DA 7 Veterinarian Raul Migriño said the dry spell is conducive to the spread of airborne disases and heat stroke to chickens and swine.
Since El Niño affects local food production as it threatens to damage crops, including corn, Migriño said this adds to the possibility of price movements of swine and poultry products.
“There is shortage in local corn. Once corn is very insufficient, prices will go up because 50 to 70 percent of feeds is from corn,” Migriño told reporters during the AGIO Forum on Tuesday at the Philippine Information Agency 7 (PIA) office.

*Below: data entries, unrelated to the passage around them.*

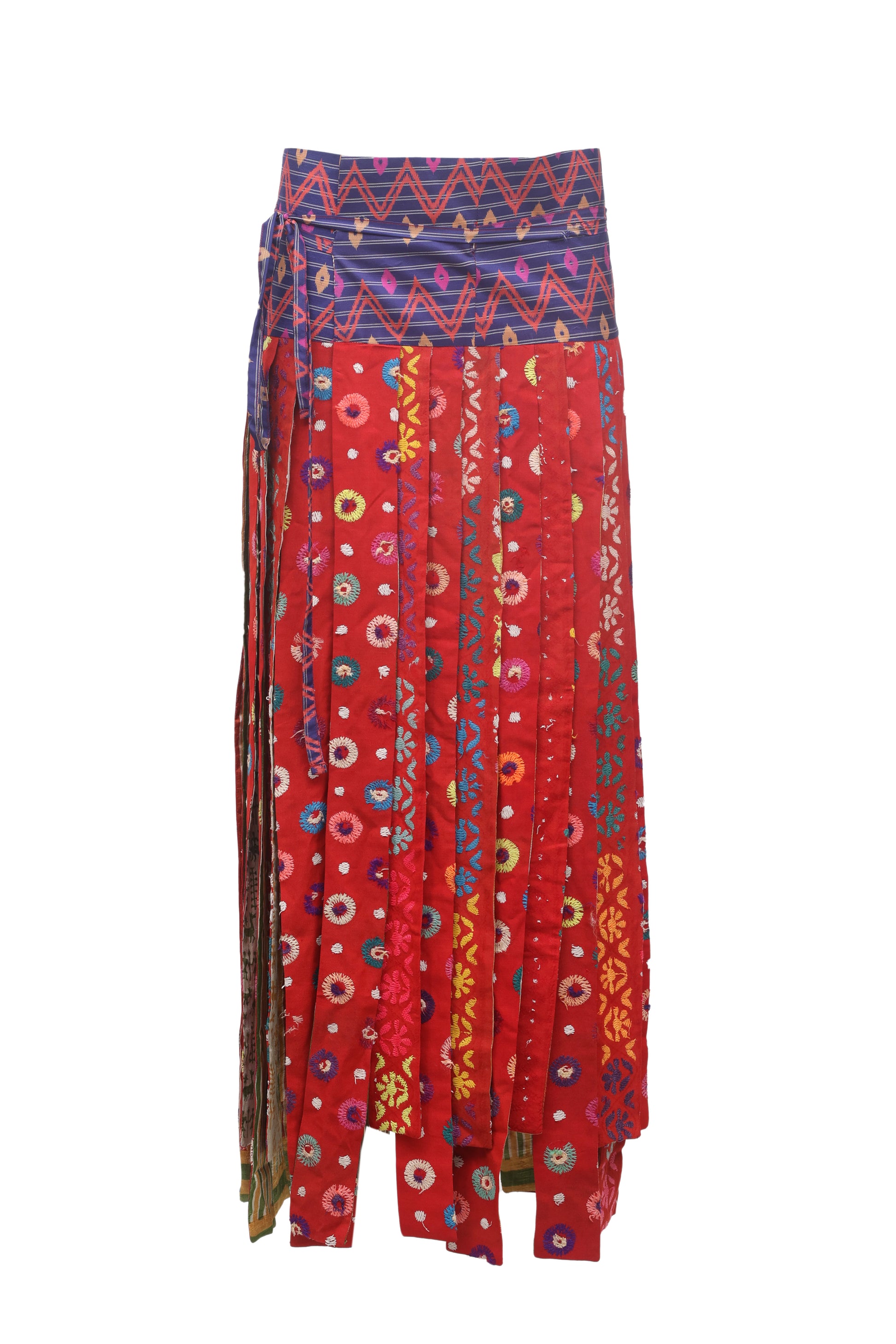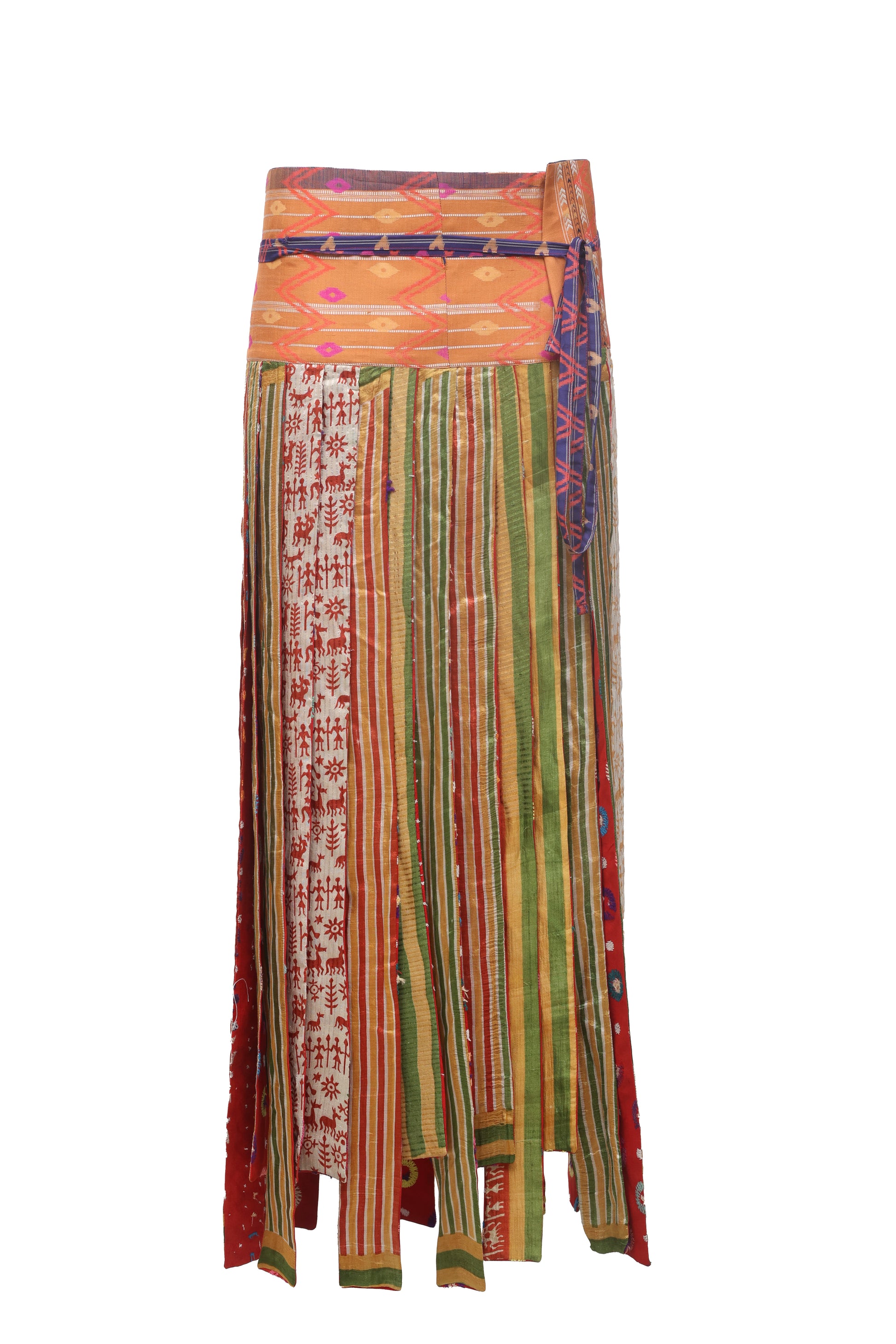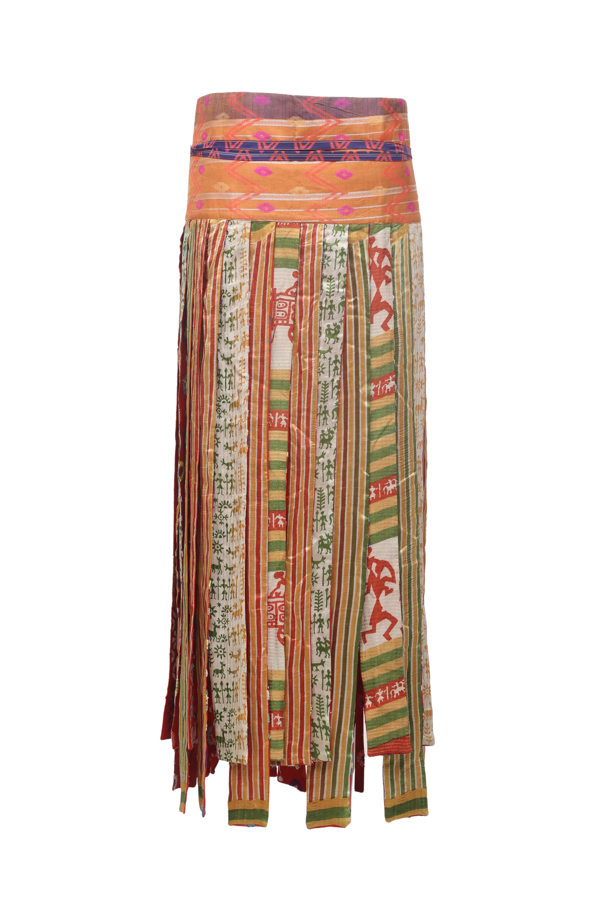 It is made of vintage silk and cotton and features several textile traditions of INdia, including block printing and embroidery. PIece is reversible and can be worn on either side.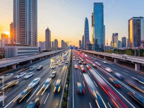 © piai, Fototapeta premium Flow of traffic on a evening highway in a city with modern high buildings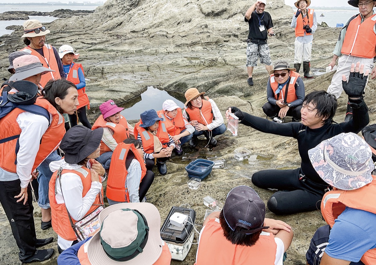 小峯和朗さんを講師に迎えた生物観察会では、この時期に見られる季節来遊魚のギンユゴイやオヤビッチャ、イソスジエビ、ウミウシなどを観察。毒のないカブトクラゲにさわり、ぷるぷるの感触を確かめた。小峯さんは「磯場の足元には小さな命がいて、近づいてみるとたくさんの発見があります」と話した。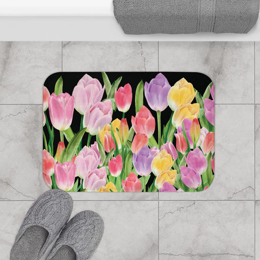 Tulip Sunrise Bath & Shower Mat with Black Accents - The Tulip Sunrise Collection by Miss Daisy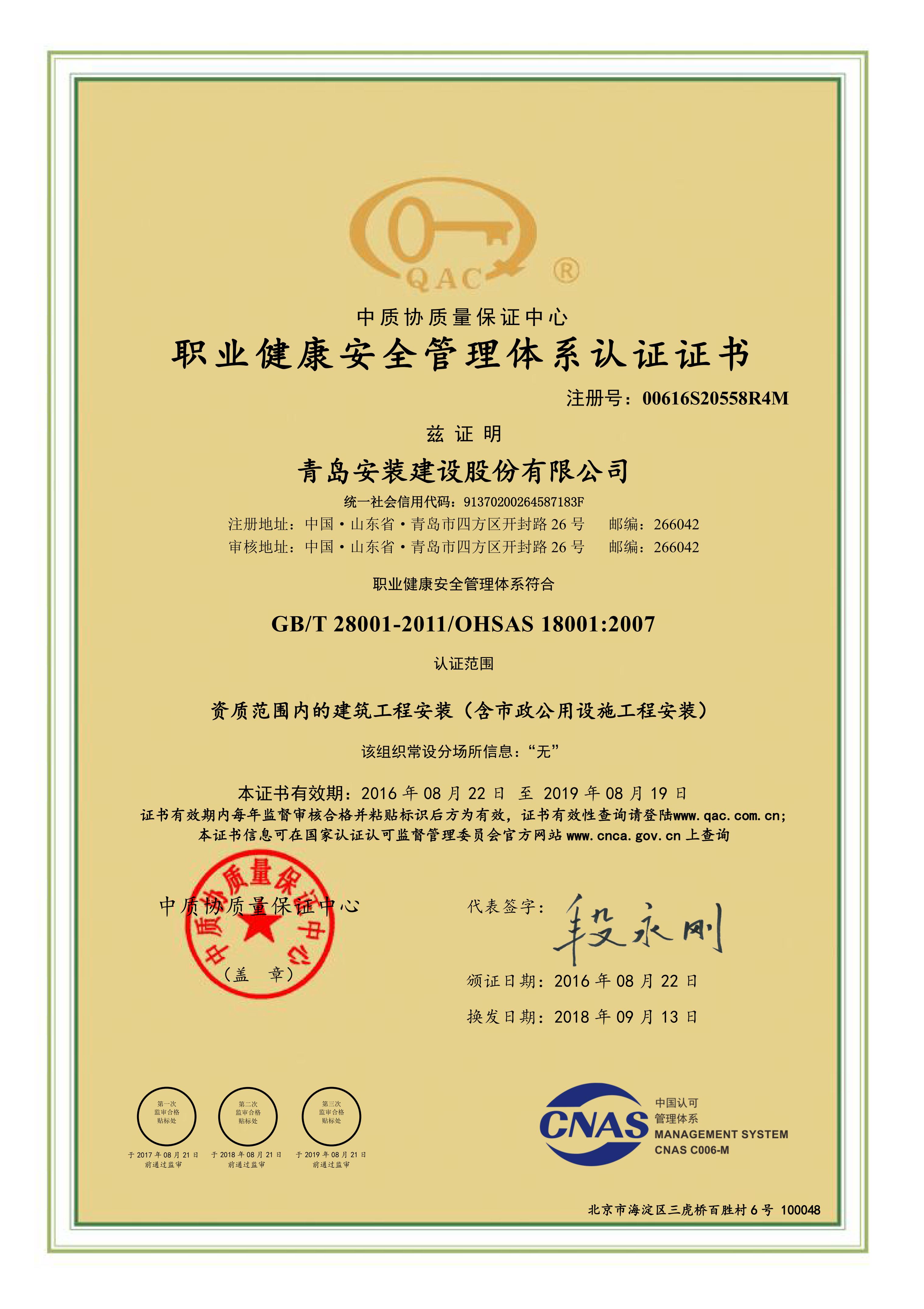 職業(yè)健康安全管理體系認(rèn)證證書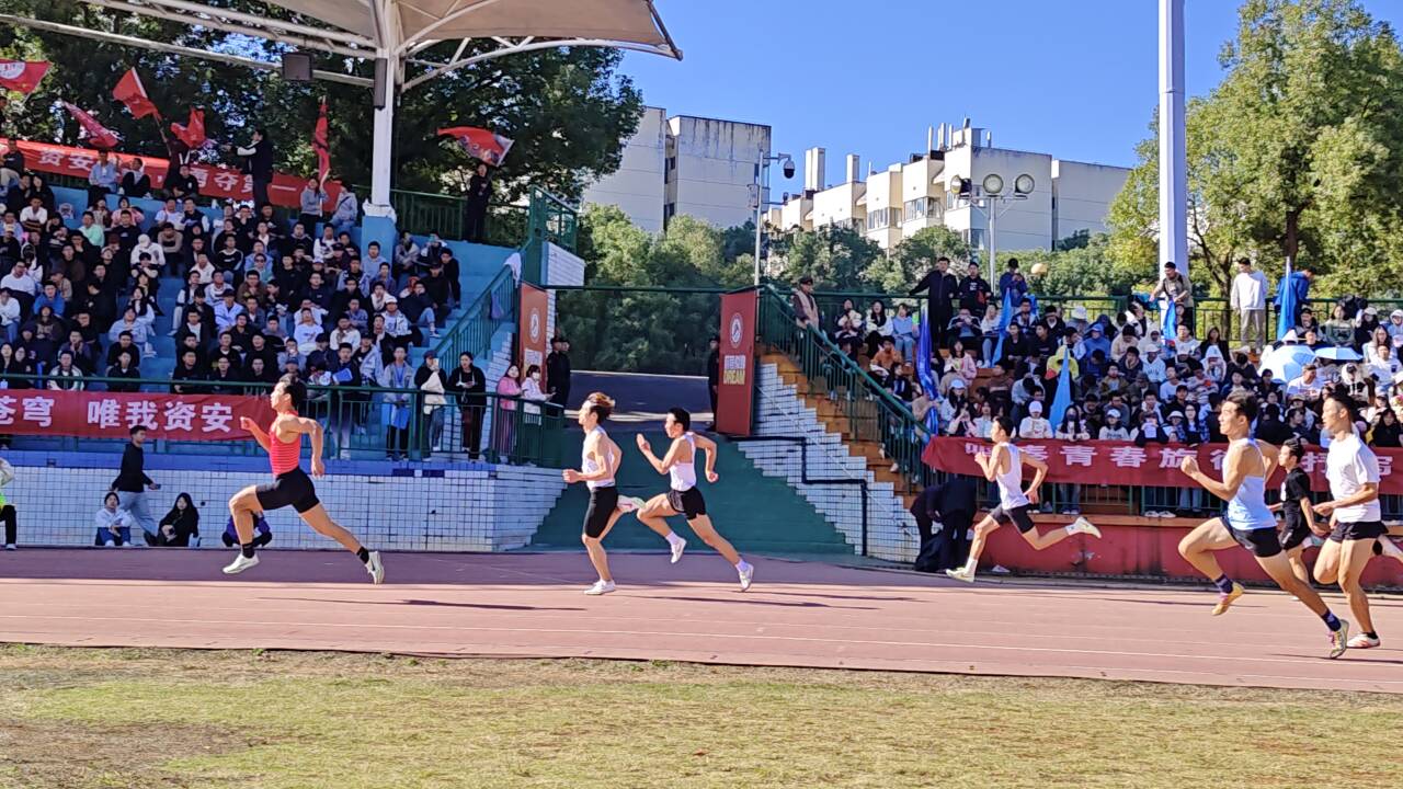 11月19日,艳阳高照,学校径赛项目在北校第一田径场进行得如火如荼。运动场旁鼓声阵阵,规律的敲击声和着选手规律的步伐,场面壮观热烈。各学院观众席不时爆发出高昂喝彩声,气氛火热。beat365运动员们在运动会的第二天仍然斗志昂扬,径赛项目上再创佳绩。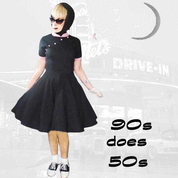 50s Style Dress Fit Flare Volup Full Skirt Rockabilly 90s Vintage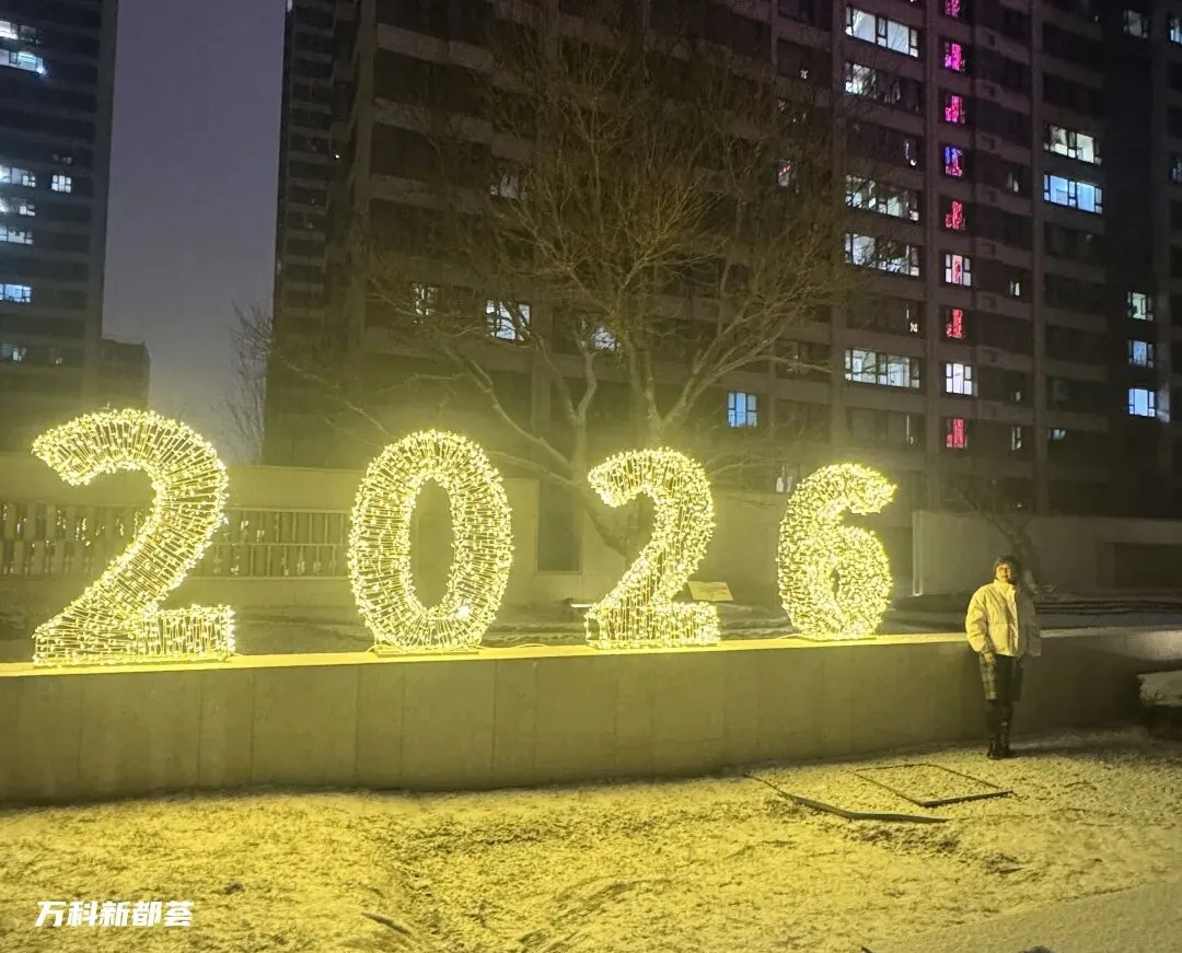 “物业手真巧啊,这么大个灯竟然是自己做的。”在万科新都荟小区,物业团队历经1周时间焊接打造的“2026”主题亮化大字吸引了来往业主的注意,这个园区的视觉亮点,从冰冷的钢材到温暖的光影,每一个焊点都凝聚着对业主的祝福。

He said corn supply in Central Visayas is not sufficient to meet local demand, hence, poultry raisers are importing.
National Economic and Development Authority 7 Director Efren Carreon earlier noted possible food inflation early to the middle of this year due to El Niño.
The Philippine Atmospheric, Geophysical, and Astronimal Services Administration (PAGASA) forecasts the El Niño to continue up to June. It has warned that the 29 El Niño-affected provinces, which include Cebu, will increase to 34 in March and 68 by April.
Other provinces, part of the 29 that are affected in the Visayas, include Siquijor, Negros Occidental, Negros Oriental, Iloilo, Capiz, Aklan, Antique, Guimaras, Northern Samar, Samar, Biliran, and Eastern Samar.
In a report by the Philippine Statistics Authority (PSA), the country’s agricultural production was almost flat last year, inching up by only 0.11 percent. PSA said farm output slowed down due to strong El Niño, coupled with heavy rains brought about by strong typhoons, in the case of Lando, which battered almost the entire island of Luzon.